Eye care providers still debate whether to use cryopreserved tissue or a dehydration preparation. While research shows fresh amniotic membrane is effective in clinical applications, it presents a significant risk of disease transmission, highlighting the importance of the processing methods that preserve biological effectiveness while ensuring safety.2

To complicate this new treatment further, some wonder if amniotic drops will eventually supplant the use of membrane tissue. So far, research shows morselized amniotic tissue is helpful in treating non-healing corneal defects.2

We all await a prospective, controlled study comparing bandage contact lenses with amniotic membrane application following debridement and polishing in patients who suffer from RCE. In the meantime, we must continue to use good judgment in caring for patients who are desperate for relief from the pain and inconvenience associated with erosive syndromes—which just might include applying an amniotic membrane to the cornea.
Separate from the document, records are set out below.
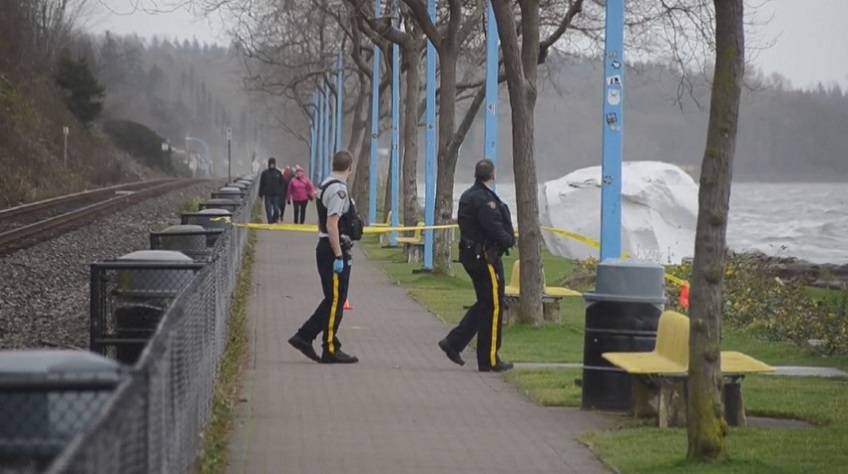 A male’s body was found washed up on the beach near White Rock Pier on Saturday morning.
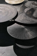 Salontafels Multimoon in kleur Grey met handgemaakte gravures van Mos Design. Made in Italy.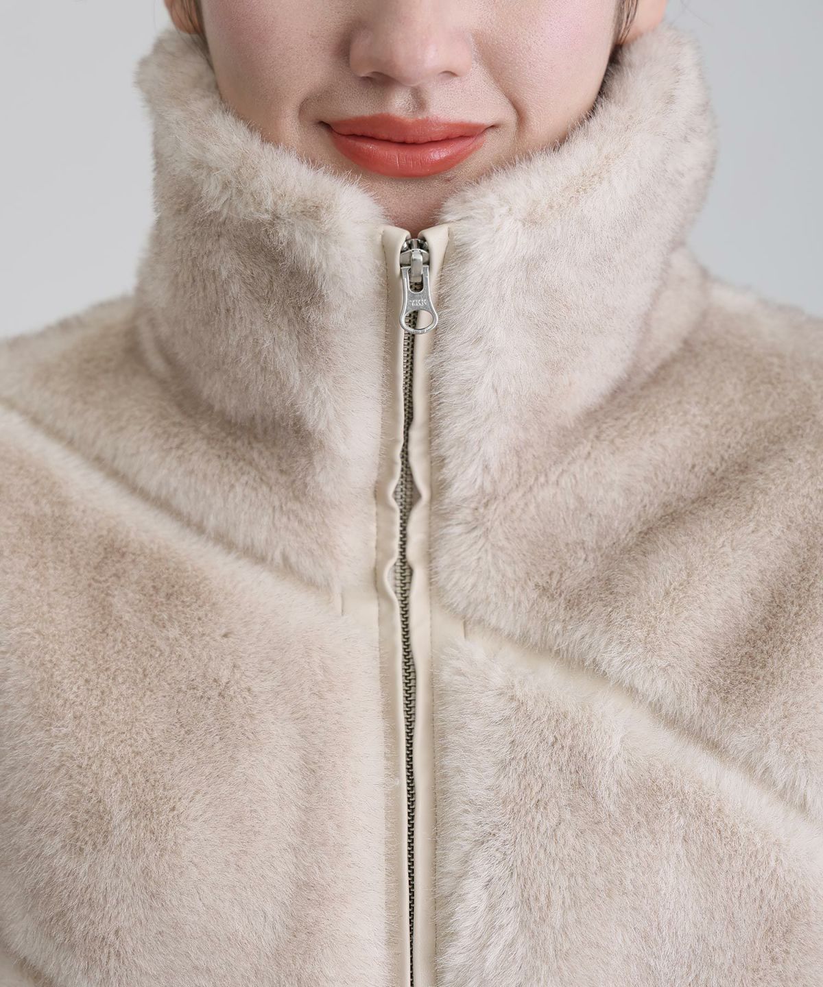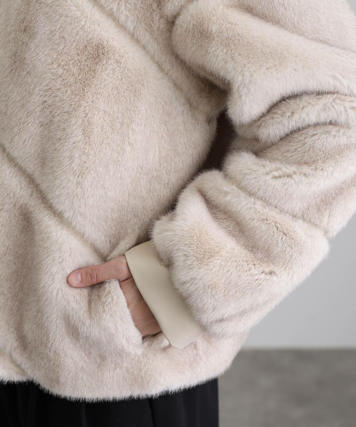 高級感のあるミンク風のフェイクファーを使用したジャケット。

1. Albert D, Miller J, Azar D. Recurrent corneal epithelial erosion. Albert & Jakobiec’s Principles and Practice of Ophthalmology. Philadelphia: Saunders/Elsivier; 2008.
2. Stokkermans, Gupta PJ, Sayegh RR. A hands-on approach to band keratopathy. Rev. of Optom. 2017 Jan;154(1):36-8.
3. Huang Y, Sheha H, Tseng S. Self-retained amniotic membrane for recurrent corneal erosion. J Clin Exp Ophthalmol. 2013;4(2):272.